Manny, an expensive liability

Let Manny Ramirez go!

After the season, that is.

Now before all the Dodger fans gather with pitchforks and torches at my doorstep, allow me to elucidate.

Manny Ramirez has been an extremely important cog in the Dodgers’ late-season machine. To argue otherwise would be foolish. He has lit a fire under the Dodgers as no mid-season acquisition has done before. Perhaps most importantly, at least in the eyes of owner Frank McCourt, Ramirez has bolstered the Dodger fan base, filling up the seats at Dodger Stadium and igniting a boost in marketing sales.

All fine and dandy. I love a pennant push as much as the next Blue Bleeder. Alas, amidst the euphoria of victory, some caution must be practiced.

Think back to a birthday many moons ago. Remember when you got that super-great toy and couldn’t wait to get it? Then you got it, and the world was yours, a carefree, joyous place made just for your pleasure. Now remember when that toy broke and how devastating it was, ruining your day and possibly even your week.

Perhaps I’m just re-living a childhood memory, but this is an apt metaphor for what Manny Ramirez is, and could become, to the Dodgers. Ramirez is a breath of fresh air for a fan base suffocated with injured and inept free-agent signings: Jason Schmidt, Nomar Garciaparra (at times), Luis Gonzalez and most recently (and disastrously) Andruw Jones. Sign Ramirez to a deal after the season and L.A. is playing with matches that could ignite a fire beyond their control.

No, I am in no way insinuating that Ramirez is an arsonist. Ramirez is many other things.

Manny is old, at least in baseball years, at 36 years of age. Signing an old, Hall-of-Fame caliber veteran sounds great on paper, at least until you consider another example of Dodger blues. Jeff Kent was, without a doubt, a fantastic second baseman and in his prime, one of the best to ever play at his position. Yet his cantankerous attitude has not been missed while he sits out during the Dodgers’ recent victorious tear.

Speaking of cantankerous, Manny Ramirez has an attitude problem, so much so that the Boston Red Sox, Ramirez’s former outfit, once put him on waivers ““ the baseball equivalent of serving up a player for the taking ““ and no one claimed him. Perhaps he got a raw deal in Boston that no one else knows about, but in baseball circles, there is no excuse for dogging it to first base. Is that worth $20 million over three years?

Ramirez, besides being a costly expenditure, may also become a liability on the field as his career winds down. His numbers at the plate will almost certainly decrease, a plague that sets itself on all players at the sunset of their playing days. Also, no one has ever mistaken Manny Ramirez for a Gold Glove caliber outfielder.

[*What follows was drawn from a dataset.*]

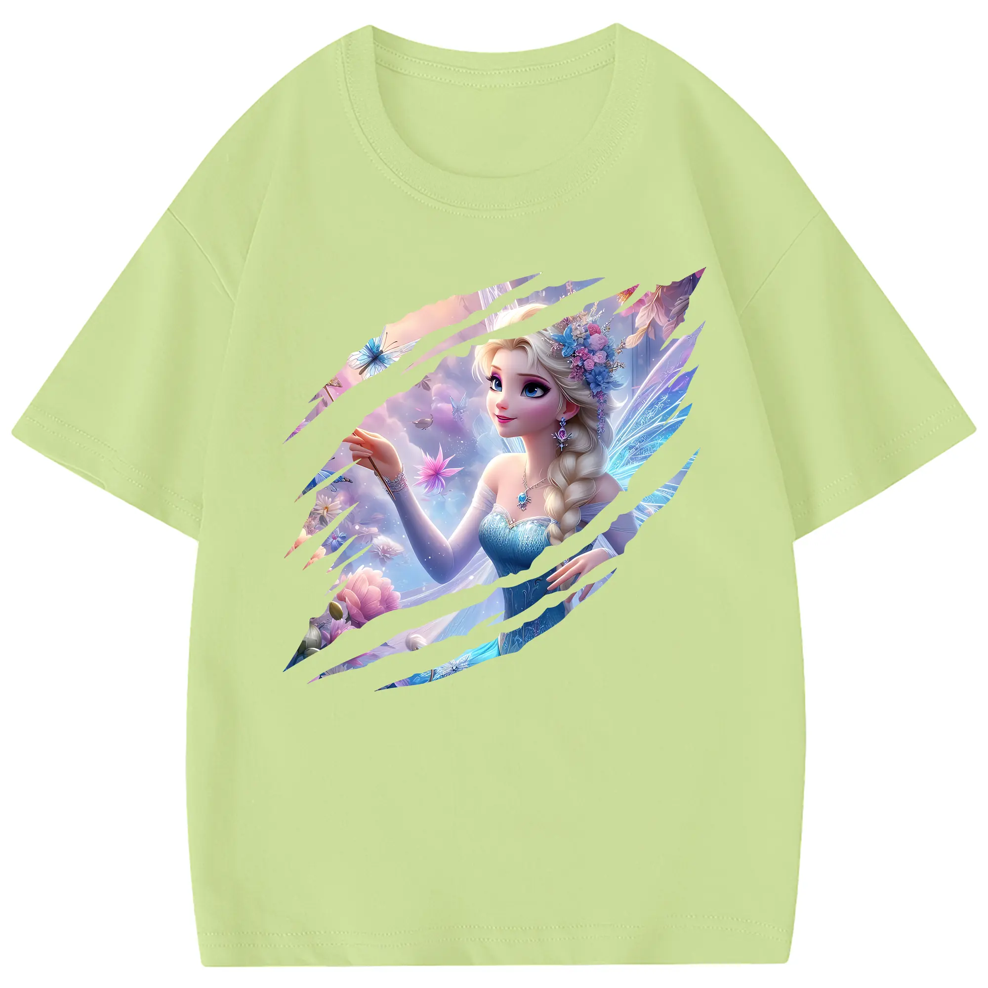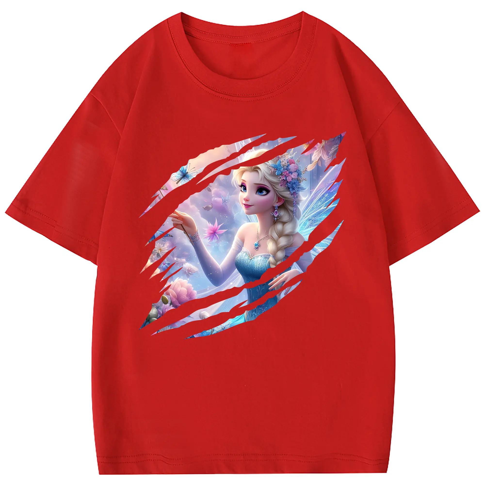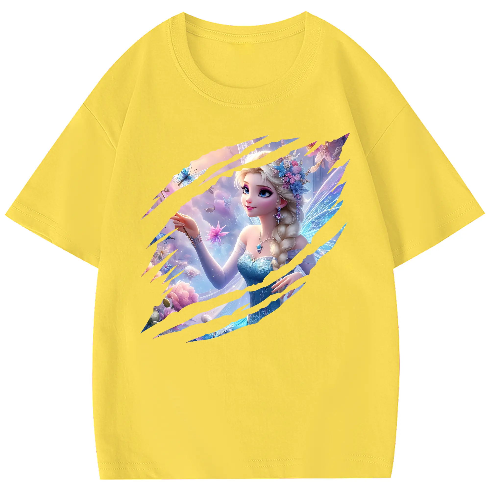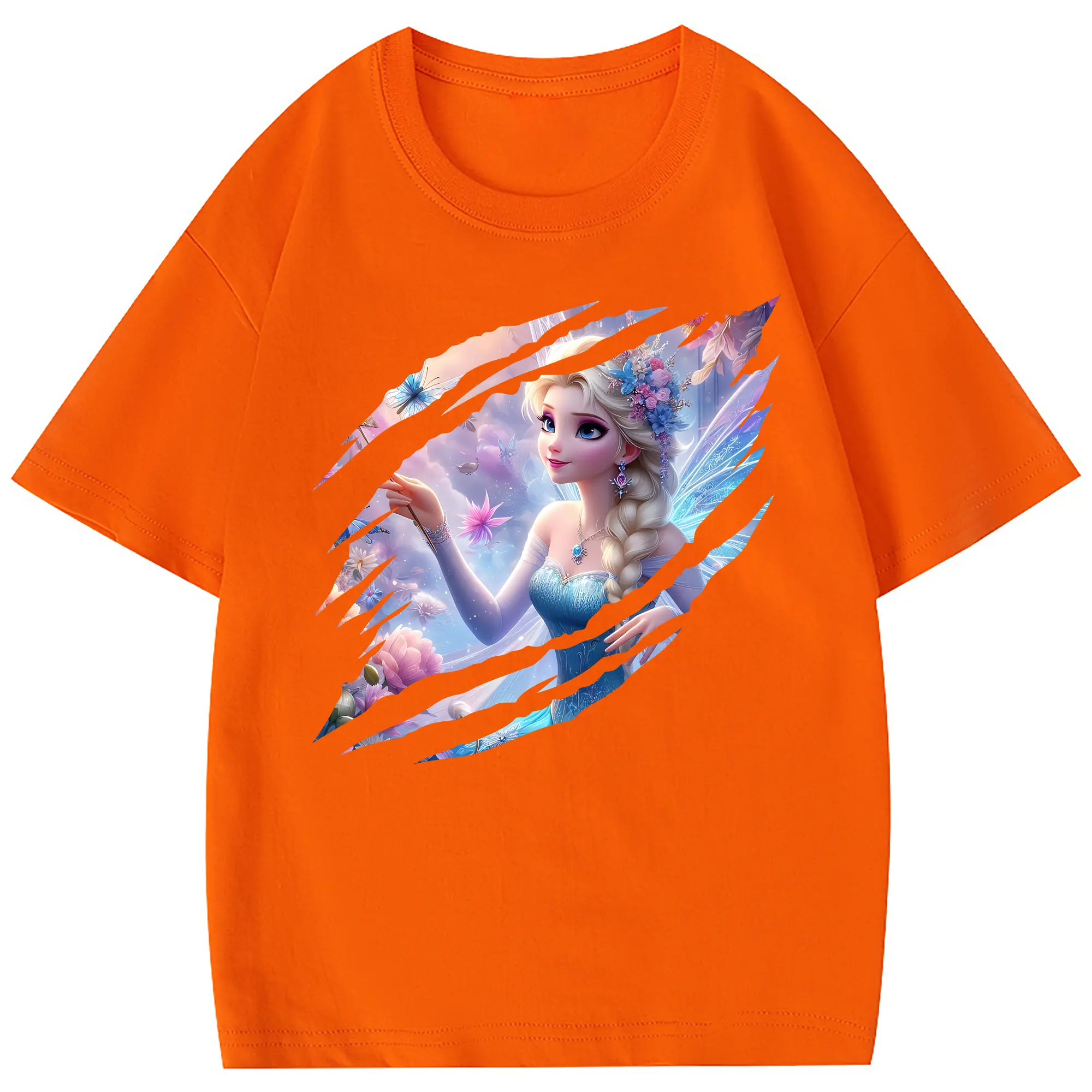 アナと雪の女王(Frozen) グッズ エルサ(Elsa) - 綿100% 半袖Tシャツ ・ フロントプリント ・ 快適 通気性 ・ 日常使い 散歩 スポーツ用

It is time for Dodger fans to accept Ramirez as the mid-season rental that he is. That is not to say that we shouldn’t appreciate the quality of his hitting, the smiles he brings to the Dodger dugout and the boost he has provided in September (and October?). But that money can be spent retaining the services of Rafael Furcal, the Dodgers’ spark-plug shortstop, and perhaps even Derek Lowe, erstwhile ace of the L.A. staff.

As the saying goes, all good things must come to an end. So wear your dreadlock wigs with pride for a few more weeks, but please, Mr. McCourt, have the strength to say farewell.